Open data is an area of real progress. There’s potential for real progress on personal data too. But if the Coalition wants to bring a No2ID-like campaign down on its head with the added twist of privatising to unaccountable organisations what it was unacceptable for government to do, this wholesale release of anonymised data to big data corps is the fast track.

3. What data does Government need to release to make the new personal data ecosystem work?

So what is the correct way to release personal data, and what will it achieve?

Answer: we need to link the data policy discussed to day with Cabinet Office’s ID Assurance, and with BIS’s Mydata (of which key players present today were not really aware). And we need to take account of the new emerging personal data ecosystem. It goes like this.

With ID Assurance individuals can log in securely to online services. Under BIS’ Mydata initiative, they’ll be able to download records from businesses. They need to be able to do that from public services also: health records, education records, job-seeking etc. They also need to be able to acquire tokens: proof they own the car or car drive from DVLA, proof they have a passport from IPS, or proof they’re on welfare from DWP so they can easily get the best energy tariff.

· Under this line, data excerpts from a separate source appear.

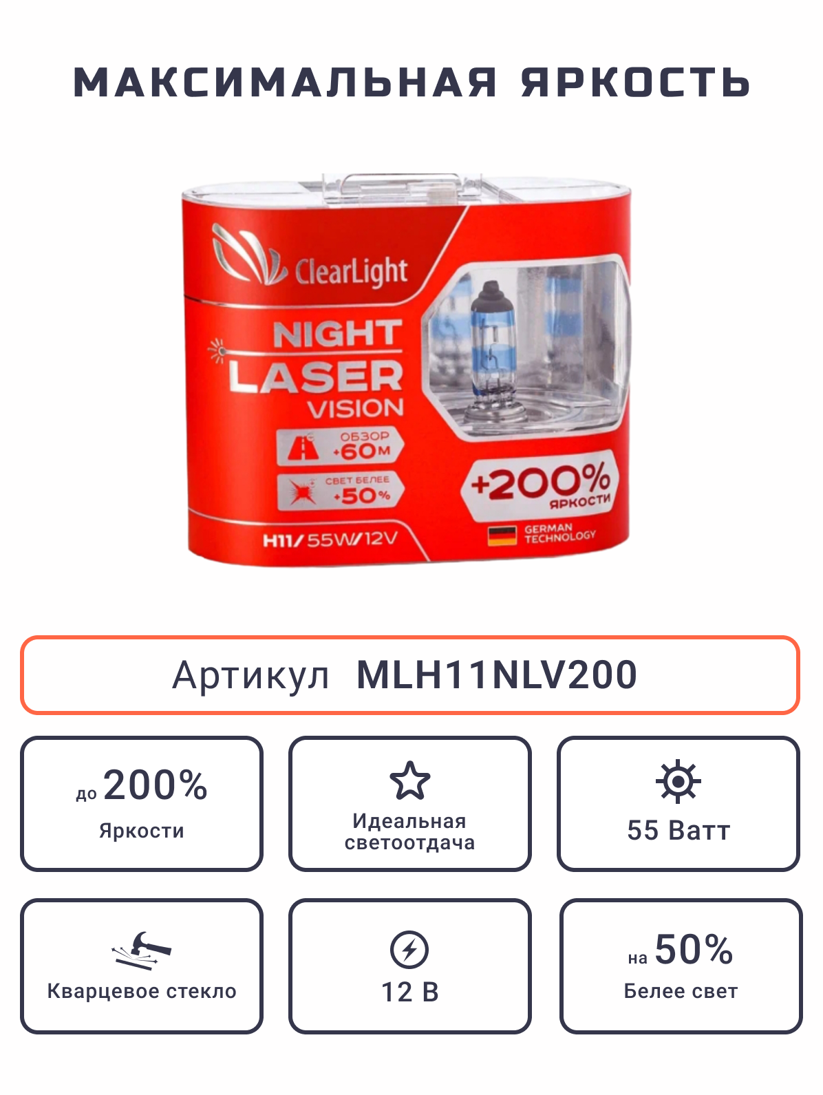 Clearlight Night Laser Vision (mlh11nlv200-2) Автомобильные лампы 2 шт(H11, 55W, 12V) .
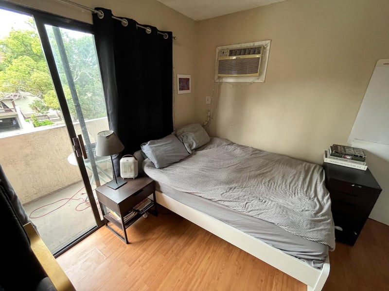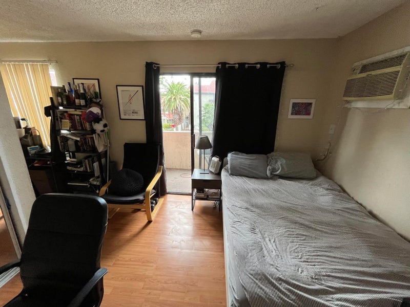 Bright studio apartment in East Hollywood / Thai Town. Steps (5-minute walk) from the Metro station and within easy walking distance to grocery stores, a supermarket, and local cafés. Features include an independent balcony, open living/sleeping area, kitchenette, and street access near public transit. Great location for commuting and local dining.
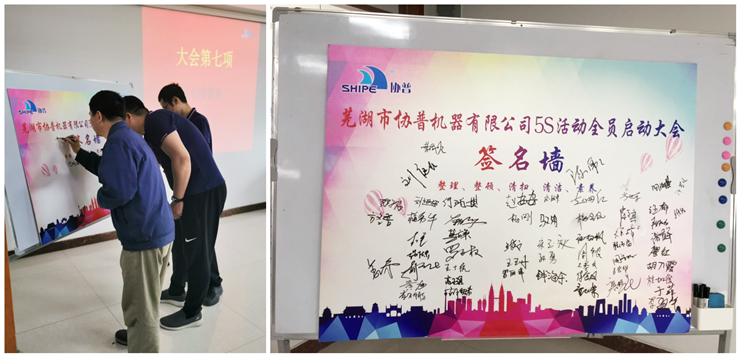 全員宣讀完誓詞后大會進入最后一項:簽名墻簽名。全體協(xié)普成員陸續(xù)上臺落款簽名,表達對公司”5S” 管理改善活動會給予全力落實推進。
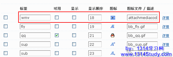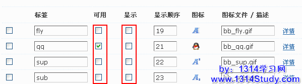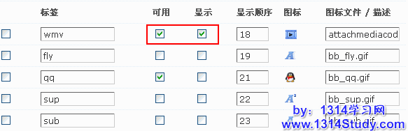 默认自带了 4 种 Discuz! 代码,可以在这里选择是否可用,是否显示,如果选择不显示那么该图标将不会显示在前台编辑器中。
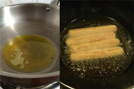 第二步:找出一个方便炸火腿肠的锅洗干净,开始给锅预热,预热完成后就往锅中倒菜油,等到菜油烧熟后就把准备好的火腿肠放进去炸,我们会发现锅中的油在不断的冒小泡泡,这是很正常的。
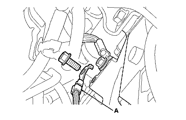 3. Remove the ground cable (A) on the rear end of the engine block.
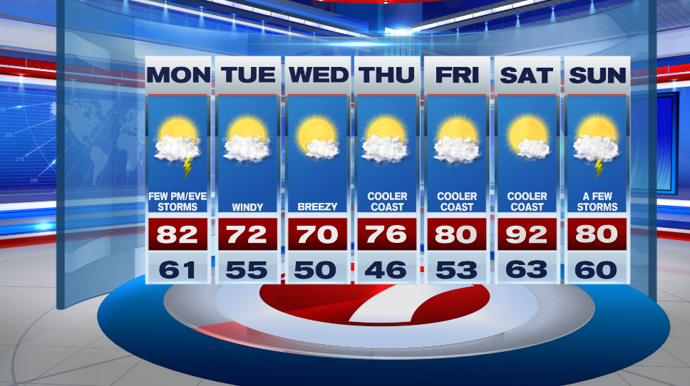 Tuesday and Wednesday are cooler in the low 70s. Humidity drastically drops and it will be breezy to windy. It warms back up throughout the week and we could see our first 90º day inland this upcoming weekend.
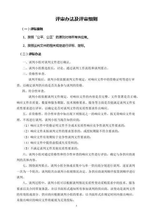 竞争性谈判评标办法及定标原则----------------------------精品word文档值得下载值得拥有----------------------------------------------竞争性谈判评标办法及定标原则一、评标办法采用的评标方式: 最低评标价法二、评标方法及程序:(一)、贵州普诚正华工程造价事务所有限公司,谈判主持人:何芳 (二)、谈判小组组成:1、采购人代表1人2、有关专家4人(三)、监督机构:(四)、谈判步骤:1、第一轮审查投标供应商的投标文件,投标文件报价为供应商第一次报价。

That’s the data we need from government to make the new personal data ecosystem work. The market will be ready to equip the individual to deal with all this, whether its new big company services or personal data ecosystem startups like reputation.com, personal.com or the work we’re doing at Mydex.org. Then individuals can control whether they share data for longitudinal health studies, statistical or research purposes or whatever else. And this will save huge sums through improved data logistics, and also unleash a huge new – disruptive – torrent of economic activity. We’ll get there.